Daily Pandas Operation
A Guide to Data Manipulation with Pandas: Reshaping and Combining Data
Pandas is a powerful Python library for data manipulation
Creating a Blank DataFrame
To start, let's create a blank (empty) DataFrame. This can be done using the pd.DataFrame() constructor without providing any data.
blank_df = pd.DataFrame()
This blank_df will be an empty DataFrame with no rows or columns. You can then add data or define columns as needed.

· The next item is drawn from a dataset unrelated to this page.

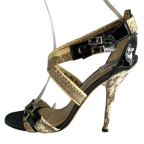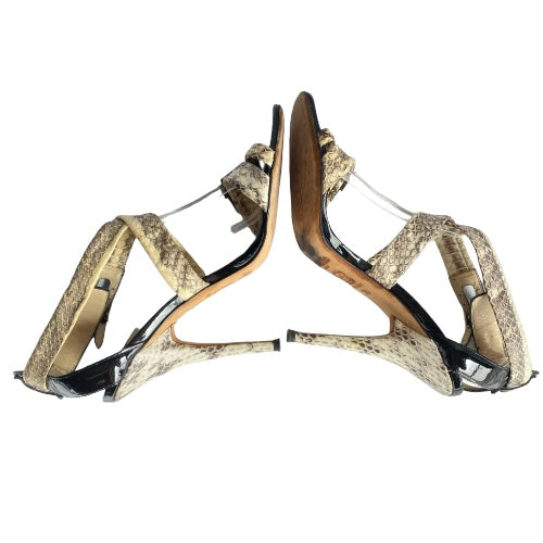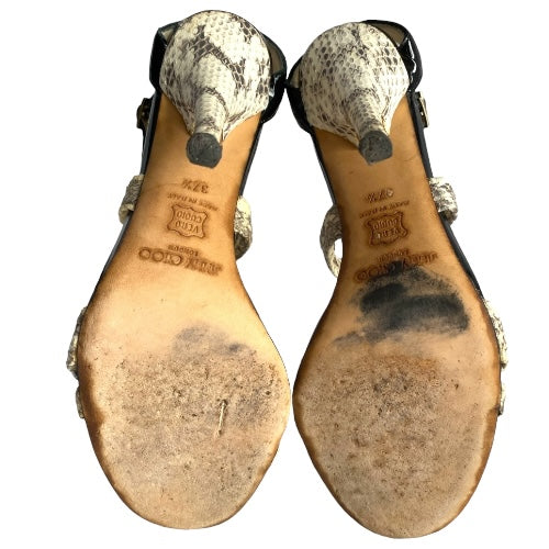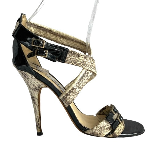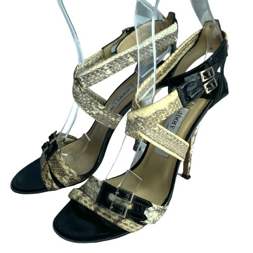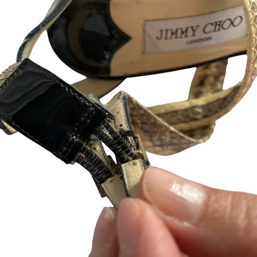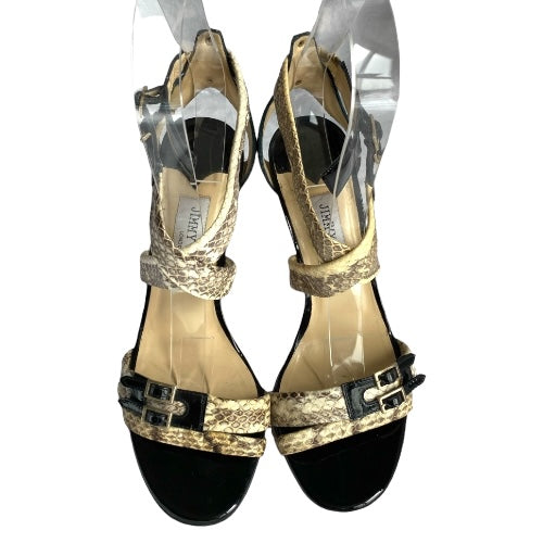 JIMMY CHOO Aby Snakeskin & Black Patent Leather Crisscross Sandals, Size 37.5
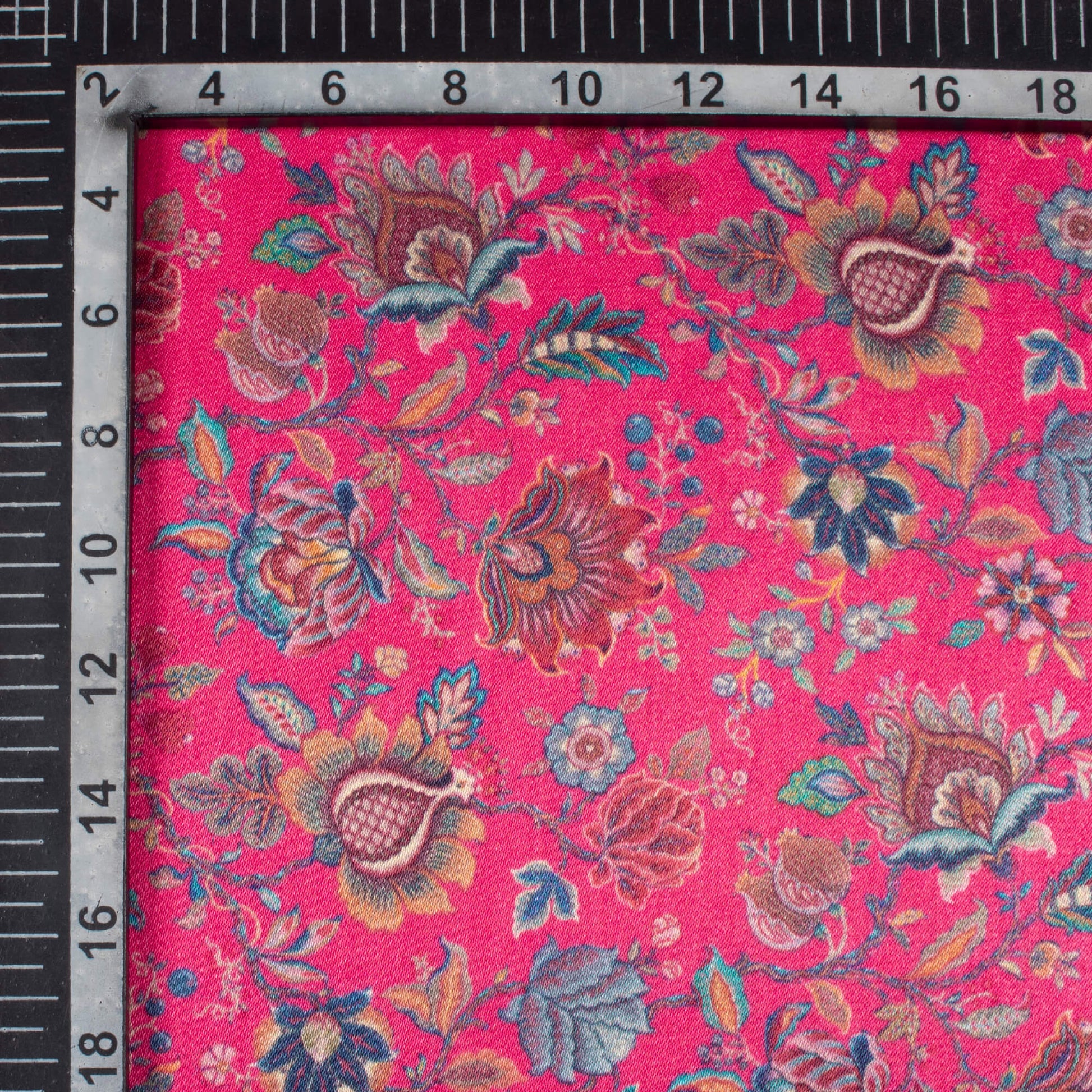 Deep Pink And Blue Floral Pattern Digital Print Viscose Gaji Silk Fabric

Left Join with Different Column Names
Suppose you have two DataFrames and you want to perform a left join on columns with different names. You can use the merge function in Pandas to achieve this. Here's how:
merged_df = df1.merge(df2, left_on='ID1', right_on='ID2', how='left')
In this example, we're joining df1 and df2 on the 'ID1' column from df1 and the 'ID2' column from df2, performing a left join
To drop rows from a DataFrame where values in a specific column are null (NaN), you can use the dropna() method. For instance:
df = df.dropna(subset=['col1'])
After this operation, df will contain only the rows where 'col1' is not null.
领英推荐
You can conditionally set values in one column based on values in another column.
def set_col2(row):
if 'fix' in row['col1']:
return 'fixed_value'
else:
return 'variable_value'
df['col2'] = df.apply(set_col2, axis=1)
To reshape data, especially when dealing with multiple columns and values, you can use pivot tables. Suppose you have a DataFrame with columns 'name', 'cost', and 'costtype', and you want to create a new DataFrame with 'costtype' values as separate columns and values as the total cost for different 'name' values. You can achieve this using the pivot_table function:
pivot_df = df.pivot_table(index='name', columns='costtype', values='cost', aggfunc='sum', fill_value=0)
Here, we've reshaped the data, creating a new DataFrame pivot_df with separate columns for each unique 'costtype' value and values as the total cost for different 'name' values.
These operations demonstrate some of the powerful data manipulation capabilities of Pandas
This article has provided an overview of essential Pandas operations for creating, reshaping, and combining data. With Pandas, you have the flexibility to handle a wide range of data manipulation tasks efficiently.